Learn it here: W3Schoolds - PHP file upload

If you have learned this vulnerability before, why not going to solve my challenges here?

What is File Upload Vulnerabiliy?

In this module, you'll learn how simple file upload functions can be used as a powerful vector for a number of high-severity attacks. File upload vulnerabilities are when a web server allows users to upload files to its filesystem without sufficiently validating things like their name, type, contents, or size. Failing to properly enforce restrictions on these could mean that even a basic image upload function can be used to upload arbitrary and potentially dangerous files instead.
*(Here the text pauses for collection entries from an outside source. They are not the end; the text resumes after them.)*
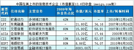 目前,軟通動力等多家中國信息技術(shù)公司已在美國上市。以下是各大公司的主營業(yè)務(wù)、上市時間及市值、市盈率等。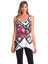 ジオメトリック柄に美しい蘭の花と蝶を彩ました。モノトーンベースなのでコーデしやすいチュニックです。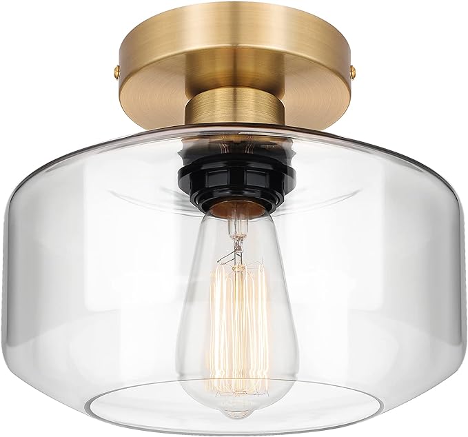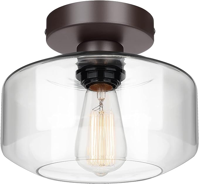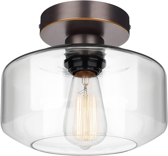 - Wide Application & Perfect Decoration: With the exquisite glass lampshade and Vintage matte base design, the semi-flush mount ceiling light is perfect for Hallway, Entry, Porch, Mudroom, Stairwell, Kitchen, Closet, Kids Room, Dining Room, Bedroom, Living Room, also ideal for commercial areas: Bar, Cafe, Hotel and Restaurant.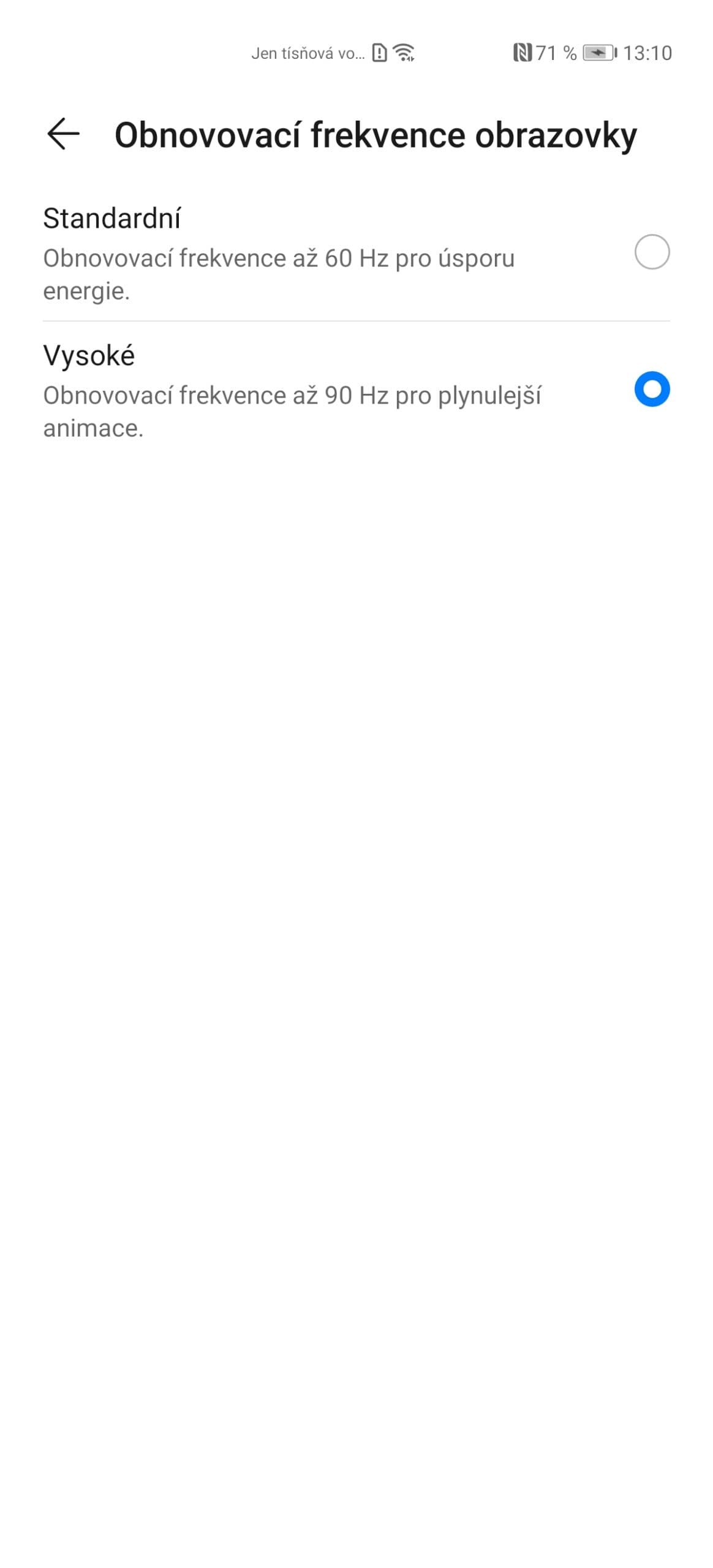 Jinak je velikost výborná (6,58 palců – takže nic pro tintítka), barvy dostatečně živé a Huawei dokonce přispěchal s maličkým překvapením v podobě 90Hz obnovovací frekvence. Ta bohužel nejde nijak korigovat a buď ji máte zapnutou nebo naopak. Je určitě správně, že Huawei tuto technologii zvolil, protože je to trend a oproti konkurenci by čínská firma jen víc a víc ztrácela. Takhle si může tuto populární fičuru odškrtnout a věnovat se důležitějším věcem. Anebo také ne.
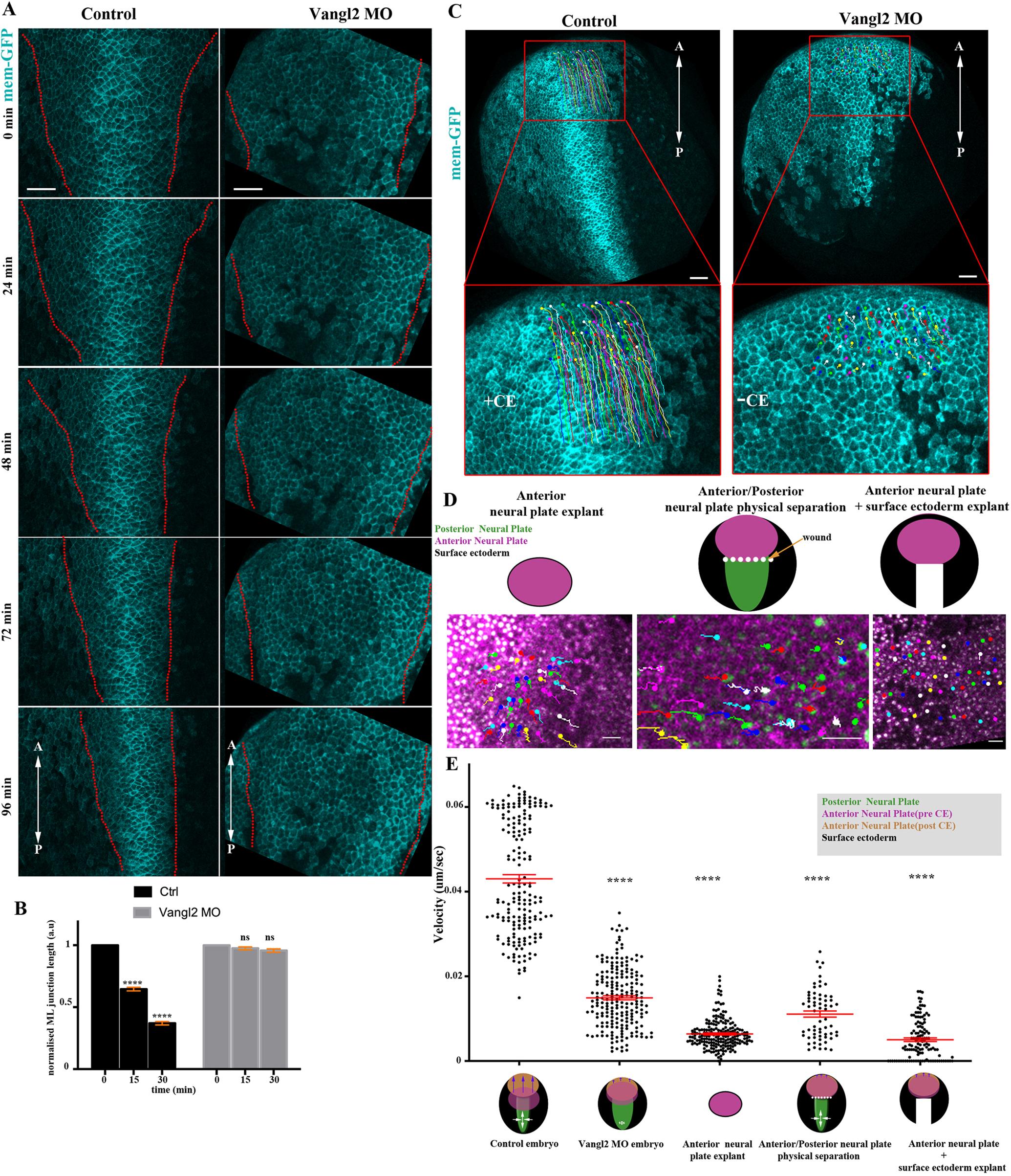 Fig. 3. NP anterior movement requires CE of the posterior tissue. (A) Stills from time-lapse recordings of representative control and Vangl2 morphant embryos. Dotted lines delineate NP boundaries. NP narrowing and neural fold movement towards the midline is defective in the Vangl2 morphant embryo. (B) Quantification of ML junction length over time in control (n=4) and Vangl2 morphant (n=3) embryos. ****P<0.0001 (two-sided, unpaired Student's t-test); ns, not significant; mean±s.e.m.; n=210 and 148 junctions from control and Vangl2 morphant embryos, respectively. (C) Representative examples of anterior neuroepithelial cell displacement within a 60 min time period in a control and Vangl2 morphant embryo. Boxed areas are shown at higher magnification below. (D) Representative examples of anterior neuroepithelial cell displacement within a 60 min time period in an anterior NP explant, in an embryo with wound-induced physical separation of anterior and posterior NP and in embryos lacking the posterior NP. (E) Quantification of anterior neuroepithelial cell velocity. ****P<0.0001 (one-way ANOVA); mean±s.e.m.; n=187 cells from three control embryos 209 cells from three Vangl2 morphant embryos; 202 cells from three anterior NP explants; 64 cells from an embryo with wound-induced physical separation of anterior and posterior NP; and 120 cells from three embryos lacking the posterior NP. Scale bars: 100 µm. A, anterior; a.u., arbitrary units; P, posterior. |

This could even include server-side script files that enable remote code execution. In some cases, the act of uploading the file is in itself enough to cause damage.

What is the impact of file upload vulnerabilities

The impact of file upload vulnerabilities generally depends on two key factors:

• Which aspect of the file the website fails to validate properly, whether that be its size, type, contents, and so on.
• What restrictions are imposed on the file once it has been successfully uploaded.

In the worst case scenario, the file's type isn't validated properly, and the server configuration allows certain types of file (such as .php) to be executed as code. In this case, an attacker could potentially upload a server-side web shell, effectively granting them full control over the server.

More details, the Untrusted Data in this module is exactly the files uploaded by users
So, this will come to the next question: "How do file upload vulnerabilities arise?"

How do file upload vulnerabilities arise?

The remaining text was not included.